The Outsourcing Debate Continues

The Economist has an article on outsourcing and the OECD has its global employment outlook (links from New Economist). Mckinsey has its consultants reports, and on-and-on the debate rumbles. I think the jury is still out on whether high value jobs will move off-shore in sufficient quantities to change the employment profile in OECD societies (and hence the net worth of those societies). I tend to be more with Samuelson than Bhagwati on the mid term picture. Of course the issue, as with so many questions in economics the issue turns on timing.

So while the jury remains out, all we are left with is anecdotal evidence, which is why a couple of articles in today's NYT caught my eye:

In the last three years, profits at the seven largest companies in Silicon Valley by market value have increased by an average of more than 500 percent while Santa Clara County employment has declined to 767,600, from 787,200. During the previous economic recovery, between 1995 and 1997, the county, which is the heart of Silicon Valley, added more than 82,800 jobs.

Changes in technology and business strategy are raising fundamental questions about the future of the valley, the nation's high technology heartland.
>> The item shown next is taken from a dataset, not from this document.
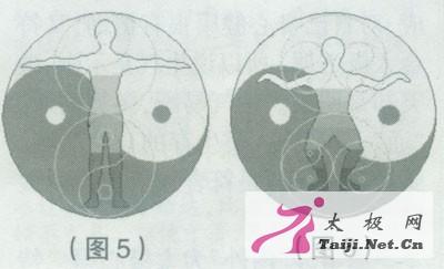 在“两仪起式”的基础上变化出各招各式而成其拳路。“上虚”之中再分虚实,“下实”之中再分虚实。为二进四(图5),四进八(图6)。我们叫它为运化太极的过程。

In part, the change is driven by the very automation that Silicon Valley has largely made possible, allowing companies to create more value with fewer workers.

Some economists are wondering if a larger transformation is at work - accelerating a trend in which the region's big employers keep a brain trust of creative people and engineers here but hire workers for lower-level tasks elsewhere.

"What has changed is that Silicon Valley has continued to move up the value chain," said AnnaLee Saxenian, dean of the School of Information Management and Systems and professor of city and regional planning at the University of California, Berkeley.

This last point, about moving up the value chain, is significant and revealing. OECD economies need to have a bigger percentage of 'up the value chain' activities in their employment profile if they are to maintain their 'relative worth'. But these activities need to create increasing employment in terms of absolute numbers. This is what it seems isn't happening in Silicon Valley. Long term having increasing numbers of realtors won't be the same thing.